Most courses are good but very basic. They are very good to get to know a new technology. Only the Redux course I can recommend to any developer: no matter if you just starting with Redux, already fluent or not going to use it at all.
Some courses are free but most of them are available only by subscription. With a subscription you have access to all Egghead’s courses and a few useful features: adjusting playback speed, skip 25 seconds button, downloading HD videos. In the past they had a $20 monthly subscription but now they have only $200 yearly. And I can’t recommend it anymore: one month is enough to watch most of the good courses.
Really great course. Teaches you many other things besides Redux: like ECMAScript 2015 and just how to write good code. Watch in any case.
Not as universal as the first one but also very good. Watch if you’re already using Redux.
Very short and good course. Watch before you send your first 20 pull requests.
If you want more pull request to your open source projects, you can try to add a badge with the link to this course.
Great course for beginners but I’ve learned something from it myself. Watch before you make your first 10 open source projects.
One thing I don’t like about this course: Kent suggests semantic-release to automate releases. I wouldn’t recommend it because it makes project maintainer life harder: it doesn’t allow you to group breaking changes and write human readable changelogs. And I think it’s too opinionated for such course.
Mostly just retelling of the docs (which are hard to read). Watch if you don’t know much about Immutable.js.
Short and very basic. Covers shallow rendering, expect-jsx and Redux.

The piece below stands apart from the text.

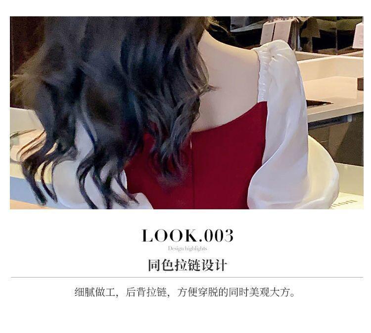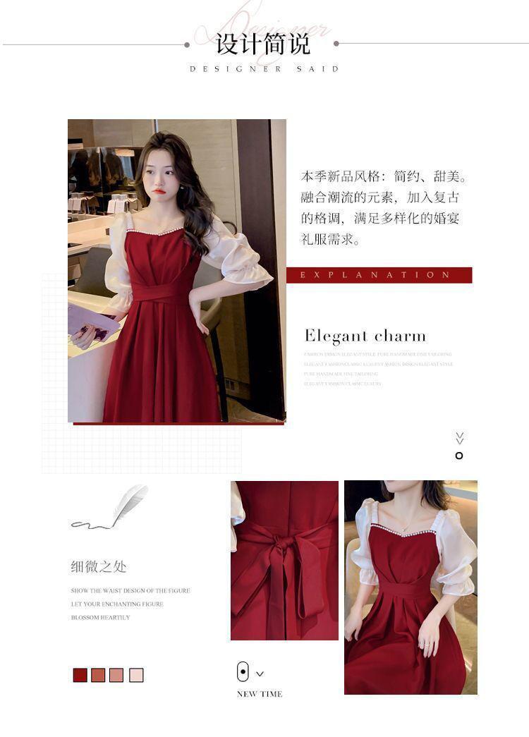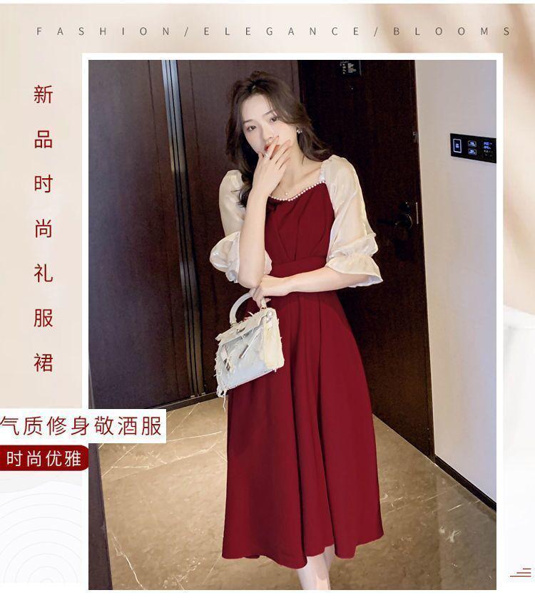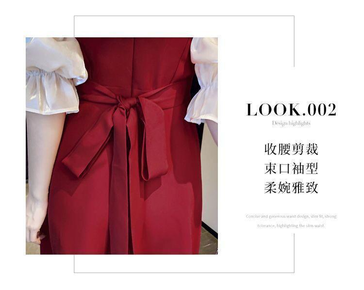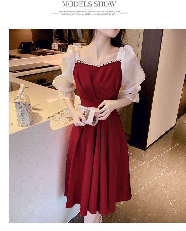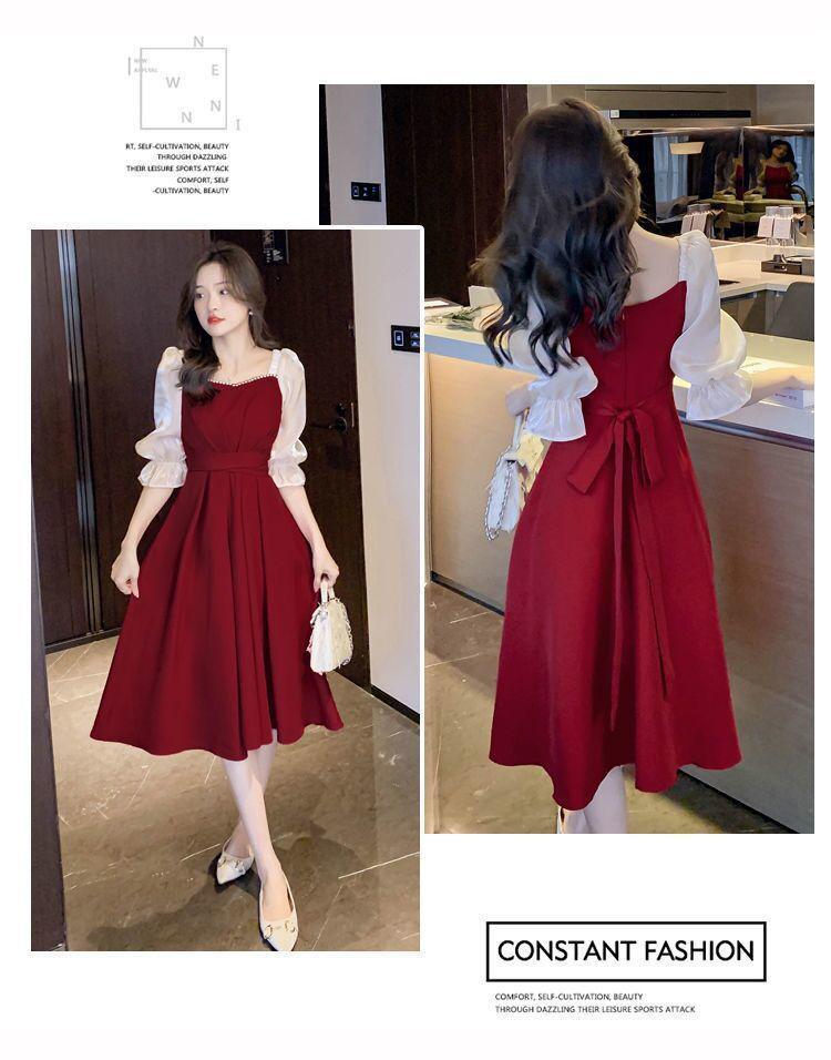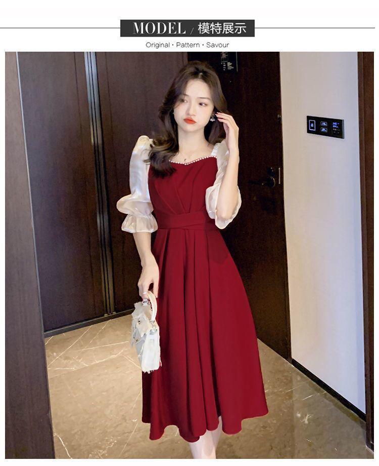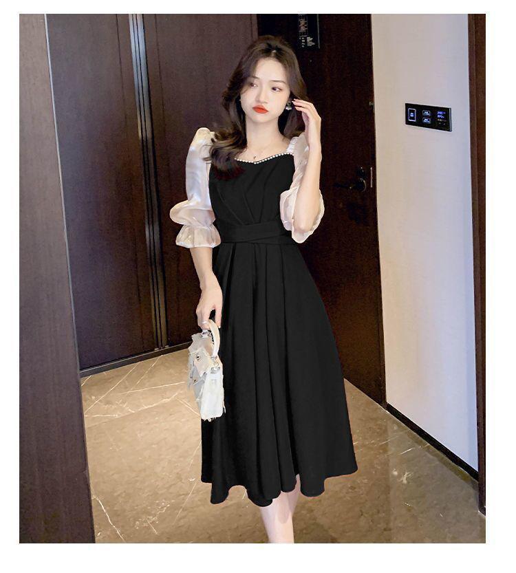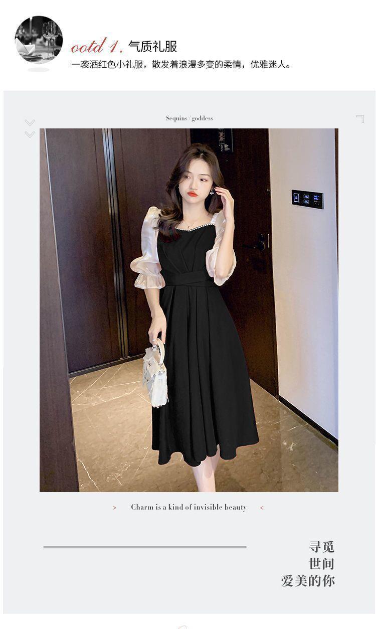 大码五分袖连衣裙2024新款系带胖mm显瘦遮肉法式方领长款拼接裙子

Watch the first Redux course instead. Watch this course only if you really have to use the vanilla Flux.
I enjoyed watching this short course. Watch if you can’t use the reduce
function with your eyes closed.
Very basic and very short course. If you’re already using React Router in a project you most probably won’t learn anything new.
Watch the free React fundamentals course by Tyler McGinnis instead (yeah, the name is the same but it’s a different course by a different author).
Looks like the example project is not very good to learn reactive programming. The resulting code looks for me like a typical jQuery soup. Watch the next course instead.
This course is much better than the previous one. But it’s still not very useful to understand when to use reactive programming in real projects. Watch to see how reactive programming with RxJS looks like.
I didn’t know much about React Native and wanted to know how it looks. This course was good for that. Through the course the author develops an app for displaying GitHub profiles so in the end you have an idea of how to make an app with React Native.